---------- Provided information ----------

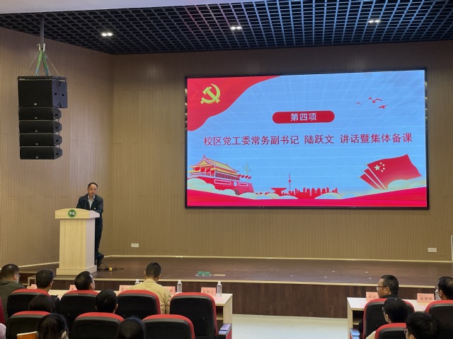 大会第四项,校区党工委常务副书记陆跃文讲话表示,党的二十大学生宣讲团成立是创新学习形式的有益探索,并对宣讲团成员宣讲党的二十大精神提出四点要求。一是要学懂弄通。宣讲团成员应先学先懂,真学真懂,全面、系统、深入的学习,深刻领悟党的二十大关于党和国家事业发展的大政方针和战略部署的历史逻辑、理论逻辑和实践逻辑,深刻领会党的二十大精神,认真备课,坚定不移的做好宣传员,撸起袖子加油干,风雨无阻向前行。
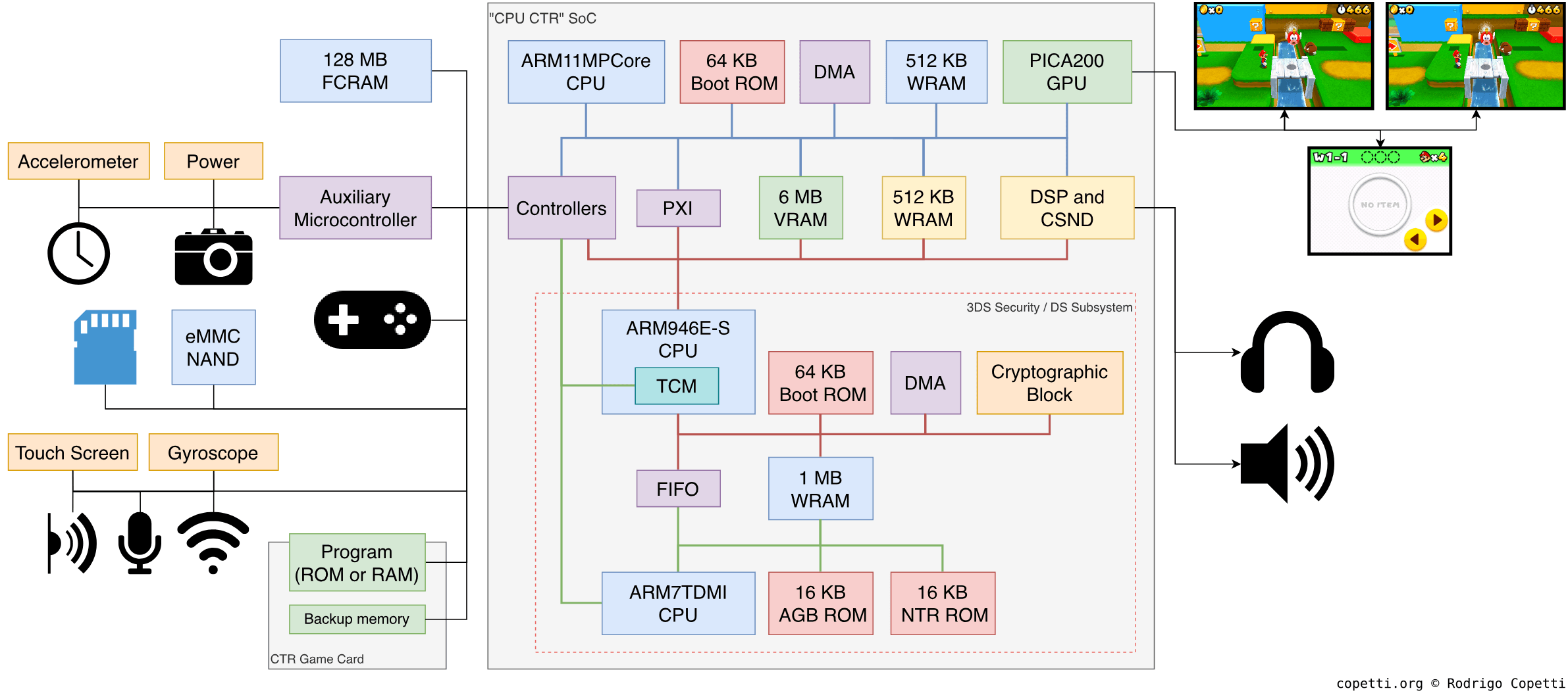 Generally speaking, the AXI model provides a set of protocols for connecting components with distinct bandwidth requirements. These are free to choose any particular topology, like the token-ring model of the PlayStation 3 or the mesh solution made for the Xbox 360. Now, within the Nintendo 3DS, we find a combination of bus and star designs.
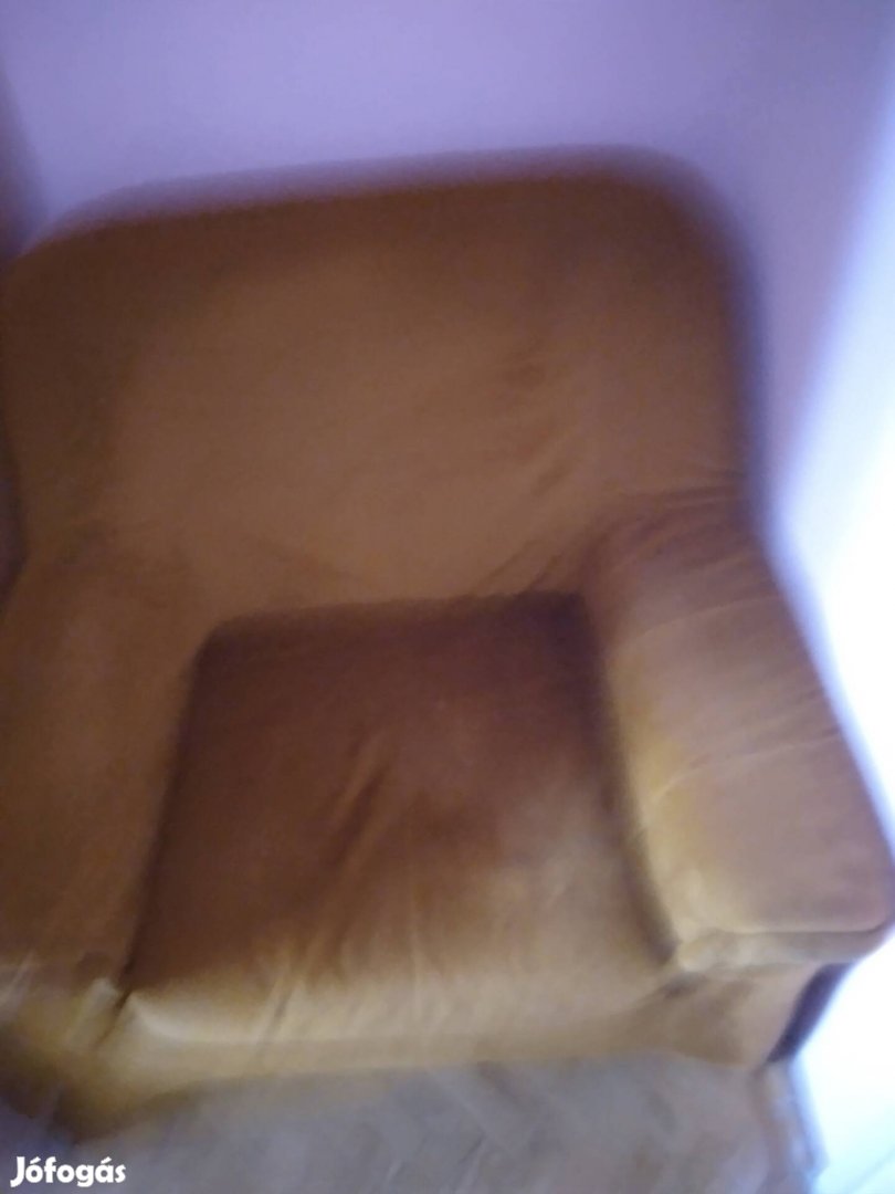 mustársárga színű ágyneműtartós francia ágy és 2 db fotel eladó Zalaegerszegen
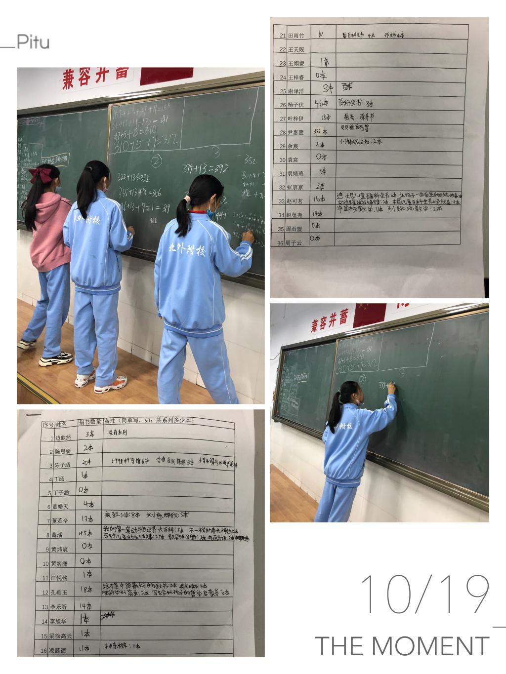 本次活动,班级学生除整理自己闲置书籍外,还分了统计小组,主持组、宣传组和后勤组,分别负责书籍统计、主持词撰写、捐赠照片视频采集制作、书籍后期装箱打包邮寄等工作。经过近一个月的筹备,于10月19日班会时间举行了书籍捐赠仪式。捐赠仪式设计不同环节,留给学生充分的探讨时间,让捐赠活动不仅能够帮助乡村学生,更借此培养班集体凝聚力和向心力。
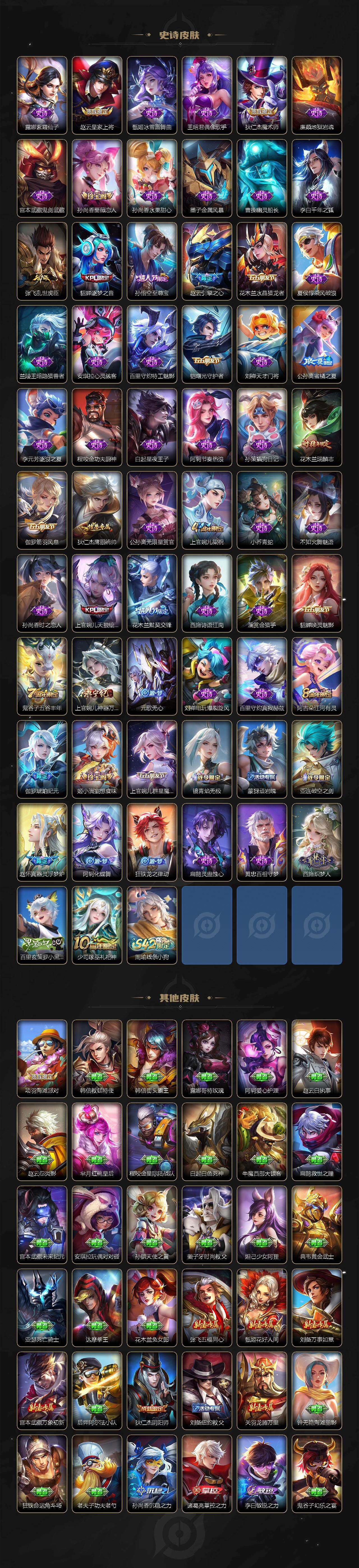 【史诗皮肤】:露娜紫霞仙子,赵云皇家上将,甄姬冰雪圆舞曲,王昭君偶像歌手,狄仁杰魔术师,廉颇地狱岩魂,宫本武藏鬼剑武藏,孙尚香蔷薇恋人,孙尚香水果甜心,墨子金属风暴,曹操幽灵船长,李白千年之狐,张飞乱世虎臣,貂蝉逐梦之音,孙悟空至尊宝,赵云引擎之心,花木兰水晶猎龙者,夏侯惇乘风破浪,兰陵王暗隐猎兽者,安琪拉心灵骇客,百里守约特工魅影,铠曙光守护者,刘禅天才门将,公孙离蜜橘之夏,李元芳逐浪之夏,程咬金功夫厨神,白起星夜王子,阿轲节奏热浪,孙策猫狗日记,花木兰瑞麟志,伽罗箭羽风息,狄仁杰鹰眼统帅,公孙离无限星赏官,上官婉儿梁祝,小乔青蛇,不知火
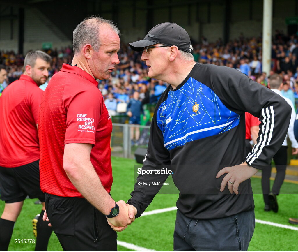 24 June 2023; Referee Johnny Murphy, left, and Clare hurling manager Brian Lohan, shake hands after the GAA Hurling All-Ireland Senior Championship Quarter Final match between Clare and Dublin at TUS Gaelic Grounds in Limerick. Photo by Ray McManus/Sportsfile
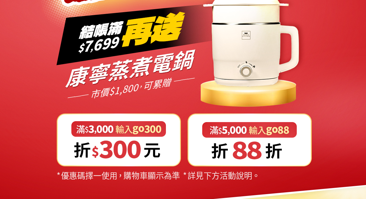 優惠碼<go300> $3,000折$300 優惠碼<go88> $5,000享88折

----------

- About this task:
In the reply, each line of the data must appear exactly as written, and no picture may appear.

- Exercise solution:
 大会第四项,校区党工委常务副书记陆跃文讲话表示,党的二十大学生宣讲团成立是创新学习形式的有益探索,并对宣讲团成员宣讲党的二十大精神提出四点要求。一是要学懂弄通。宣讲团成员应先学先懂,真学真懂,全面、系统、深入的学习,深刻领悟党的二十大关于党和国家事业发展的大政方针和战略部署的历史逻辑、理论逻辑和实践逻辑,深刻领会党的二十大精神,认真备课,坚定不移的做好宣传员,撸起袖子加油干,风雨无阻向前行。
 Generally speaking, the AXI model provides a set of protocols for connecting components with distinct bandwidth requirements. These are free to choose any particular topology, like the token-ring model of the PlayStation 3 or the mesh solution made for the Xbox 360. Now, within the Nintendo 3DS, we find a combination of bus and star designs.
 mustársárga színű ágyneműtartós francia ágy és 2 db fotel eladó Zalaegerszegen
 本次活动,班级学生除整理自己闲置书籍外,还分了统计小组,主持组、宣传组和后勤组,分别负责书籍统计、主持词撰写、捐赠照片视频采集制作、书籍后期装箱打包邮寄等工作。经过近一个月的筹备,于10月19日班会时间举行了书籍捐赠仪式。捐赠仪式设计不同环节,留给学生充分的探讨时间,让捐赠活动不仅能够帮助乡村学生,更借此培养班集体凝聚力和向心力。
 【史诗皮肤】:露娜紫霞仙子,赵云皇家上将,甄姬冰雪圆舞曲,王昭君偶像歌手,狄仁杰魔术师,廉颇地狱岩魂,宫本武藏鬼剑武藏,孙尚香蔷薇恋人,孙尚香水果甜心,墨子金属风暴,曹操幽灵船长,李白千年之狐,张飞乱世虎臣,貂蝉逐梦之音,孙悟空至尊宝,赵云引擎之心,花木兰水晶猎龙者,夏侯惇乘风破浪,兰陵王暗隐猎兽者,安琪拉心灵骇客,百里守约特工魅影,铠曙光守护者,刘禅天才门将,公孙离蜜橘之夏,李元芳逐浪之夏,程咬金功夫厨神,白起星夜王子,阿轲节奏热浪,孙策猫狗日记,花木兰瑞麟志,伽罗箭羽风息,狄仁杰鹰眼统帅,公孙离无限星赏官,上官婉儿梁祝,小乔青蛇,不知火
 24 June 2023; Referee Johnny Murphy, left, and Clare hurling manager Brian Lohan, shake hands after the GAA Hurling All-Ireland Senior Championship Quarter Final match between Clare and Dublin at TUS Gaelic Grounds in Limerick. Photo by Ray McManus/Sportsfile
 優惠碼<go300> $3,000折$300 優惠碼<go88> $5,000享88折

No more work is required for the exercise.